** RECORDS SHOWN follows **
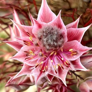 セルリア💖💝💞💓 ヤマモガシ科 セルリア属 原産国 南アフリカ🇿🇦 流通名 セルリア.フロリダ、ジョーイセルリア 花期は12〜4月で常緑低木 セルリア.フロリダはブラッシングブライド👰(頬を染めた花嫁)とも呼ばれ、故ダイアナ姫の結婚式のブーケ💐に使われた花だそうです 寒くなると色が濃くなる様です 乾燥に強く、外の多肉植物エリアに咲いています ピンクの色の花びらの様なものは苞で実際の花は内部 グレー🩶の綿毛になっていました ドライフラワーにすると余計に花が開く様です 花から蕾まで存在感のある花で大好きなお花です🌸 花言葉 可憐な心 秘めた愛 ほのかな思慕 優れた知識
** End of RECORDS SHOWN **
** RECORDS SHOWN follows **
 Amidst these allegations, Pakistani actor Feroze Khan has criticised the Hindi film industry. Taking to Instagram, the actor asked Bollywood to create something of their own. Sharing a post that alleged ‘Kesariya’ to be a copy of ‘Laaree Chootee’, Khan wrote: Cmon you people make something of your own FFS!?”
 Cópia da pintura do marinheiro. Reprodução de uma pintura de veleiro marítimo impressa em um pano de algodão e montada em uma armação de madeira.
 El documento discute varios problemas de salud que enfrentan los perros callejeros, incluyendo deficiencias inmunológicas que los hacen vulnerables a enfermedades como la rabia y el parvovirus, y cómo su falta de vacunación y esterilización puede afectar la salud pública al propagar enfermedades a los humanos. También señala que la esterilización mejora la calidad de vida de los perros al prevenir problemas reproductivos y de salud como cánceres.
** End of RECORDS SHOWN **
- **EXERCISE GOAL**: Take the line above containing "Amidst these allegations, Pakistani", the line containing "El documento discute", and all lines in between, and copy them exactly without anything else.

- **RESULT BELOW**:
 Amidst these allegations, Pakistani actor Feroze Khan has criticised the Hindi film industry. Taking to Instagram, the actor asked Bollywood to create something of their own. Sharing a post that alleged ‘Kesariya’ to be a copy of ‘Laaree Chootee’, Khan wrote: Cmon you people make something of your own FFS!?”
 Cópia da pintura do marinheiro. Reprodução de uma pintura de veleiro marítimo impressa em um pano de algodão e montada em uma armação de madeira.
 El documento discute varios problemas de salud que enfrentan los perros callejeros, incluyendo deficiencias inmunológicas que los hacen vulnerables a enfermedades como la rabia y el parvovirus, y cómo su falta de vacunación y esterilización puede afectar la salud pública al propagar enfermedades a los humanos. También señala que la esterilización mejora la calidad de vida de los perros al prevenir problemas reproductivos y de salud como cánceres.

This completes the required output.